1610 – the fortress of Jhansi built by the ruler of Orchha state.

c. 1700  --  Mughal emperors at the height of their powers.

1732 – To fight the Muslims, Chhatrasal, the Bundela king, aked the help of the Hindu Marathas, who came to his assistance.

1734  --  upon the death of Chhatrasal, the Hindu Marathas receive one-third of the Maharaja's dominions.  The Maratha general developed the city of Jhansi. 

1806 – British protection is promised to the Maratha chief.

1817 – the Peshwa in Pune ceded all his rights over Bundelkhand to the British East India Company.

1828 (November) – Rani Lakshmibai born at Kashi (Varanasi) to a Brahmin Marathi family from Dhawadshi, District Satara, Maharashtra.

1832 – at only the age of four, Rani loses her mother. Her father Moropant Tambe worked at the court of Peshwa Peshwa Bajirao I at Bithur.

1845 – at the age of 13, Rani’s father worked at the court of Raja Bal Gangadhar Rao Newalkar, the Maharaja of Jhansi.

1846 – Rani marrid to Gangadhar Rao, the Raja of Jhansi. Because of her father's position, Rani Lakshmi Bai had more independence than most women. Th women were usually restricted to the zenana. She studied self-defense, horsemanship and archery, and even formed. She even established her own female army composed of her female friends at court.

1851 – Rani bears a son, but the child dies at the age of four months. The married couple now adopt Damodar Rao.

1853 (November) – the Raja, never having recovered from his son's death, dies of a broken heart.  The Raja of Jhansi died without children. The East India Company, under Governor-General Lord Dalhousie, established the Doctrine of Lapse, wherein an adopted son cannot claim the throne of the deceased adopting parent. Dalhousie then annexes Jhansi, saying that the throne had become "lapsed" and thus put Jhansi under his "protection".  The Governor-General of India annexes his territory. The Jhansi state and the districts of Jalaun and Chanderi districts are formed into a superintendency.

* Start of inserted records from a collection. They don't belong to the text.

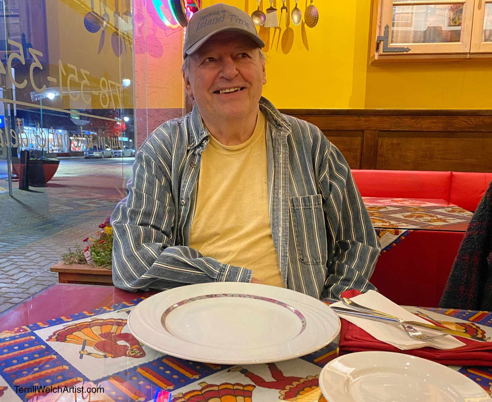 And here is the man of my hour near the end of a long day trip for tests as we find a safe place to dine with good protocols for an amazing Indian dinner at Royal Aroma in Sidney, British Columbia.
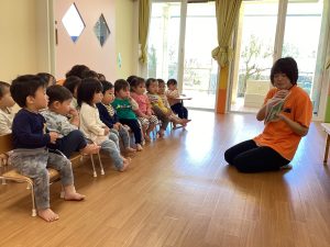 最後に保育者からの出し物は、「はらぺこあおむし」のシアターでした。内容を知っている子も多かったので、みんなで歌を口ずさみながら楽しみました!
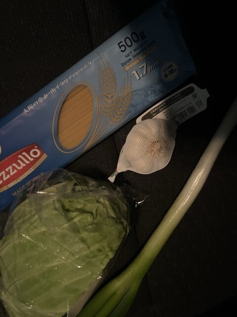 パスタ270円~280円、キャベツ90円~100円、ネギ100円前後、にんにくが中国かスペインなら100円前後。
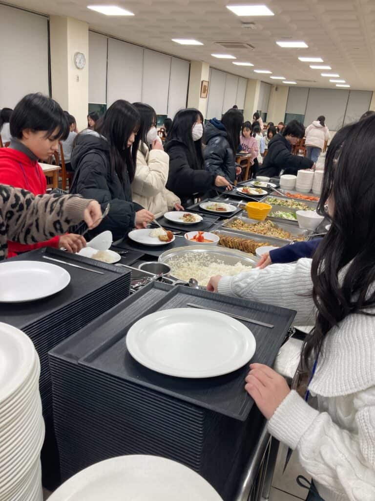 また、就寝前には近くのコンビニへ出かけ、韓国に到着してから初めての買い物にも挑戦しました。これまで学んできた英語とはまた違う難しさを感じながらも、挨拶をはじめ、少しずつ韓国語を使おうとする生徒の姿が見られました。中には、独学で韓国語を学んできた生徒が、早速その語学力を発揮する場面もありました。
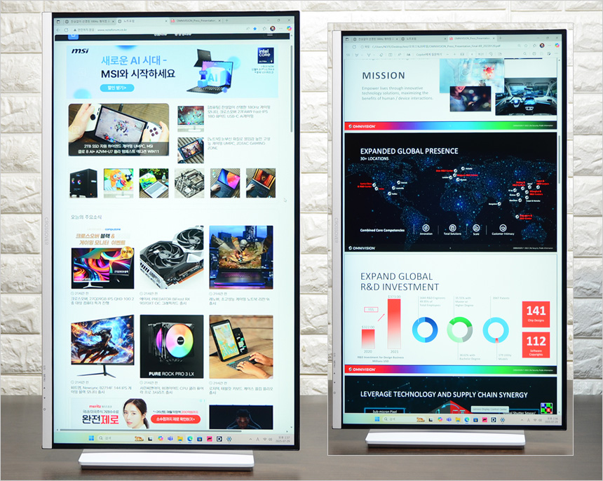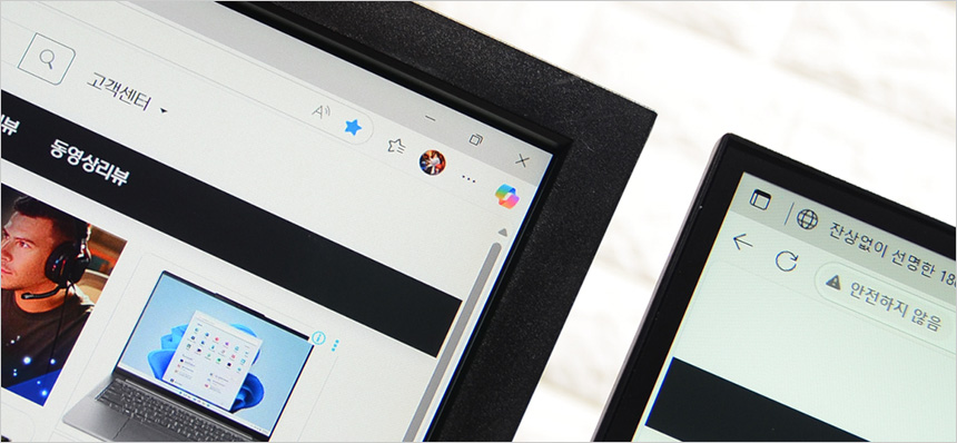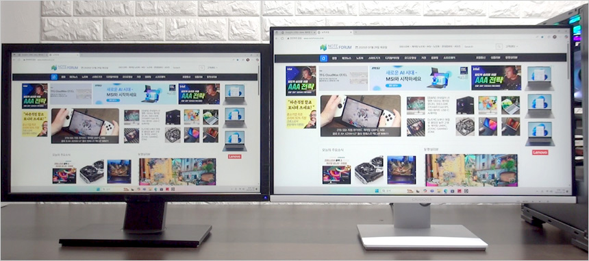 2대의 모니터를 셋팅한 김에 베젤 두께를 확인하고 있는 모습으로 확연한 차이를 보여주었다. 슬림 베젤이 적용된 모델로 높은 몰입감을 경험할 수 있을 것이다.

1854 (March) – the Rani receives a pension of 60,000 rupees and is ordered to leave the palace at the Jhansi fort .

1857 (June) – in the Revolt of 1857 a few men of the 12th Native Infantry seized the fort containing the treasure and magazine, and massacred the European officers of the garrison along with their families. (The head of the rebels, Rani Lakshmi Bai, died bravely in battle in Gwalior.)

not until 1858 (November) – British regain control in Jhansi, which is given to the Maharaja of Gwalior.

1886 – as the result of a territorial swamp, Jhansi comes under total British rule.

1914 – Dewan Shatrughan Singh marries Rani Kaushlya Devi later called Rani Rajendra Kumari. The duo spent life serving their people. During the freedom struggle the couple went to jail several times and refused Class A treatment that they were entitled to choosing to stay with the poor inmates who they believed needed their help.

Jhansi participated in the Indian Freedom Struggle under Dewan Shatrughan Singh and his wife Rani Rajendra Kumari.

Dewan Saheb was the father of the freedom movement in the Bundelkhand region in Uttar Pradesh and Madhya Pradesh (Central India). Dewan Shatrughan Singh became known as 'Bundelkhand Gandhi'.

1920s – Dewan Shatrughan Singh meets Gandhi and became his follower.

1947 – Dewan Shatrughan Singh and his wife continued their public service after independence for India.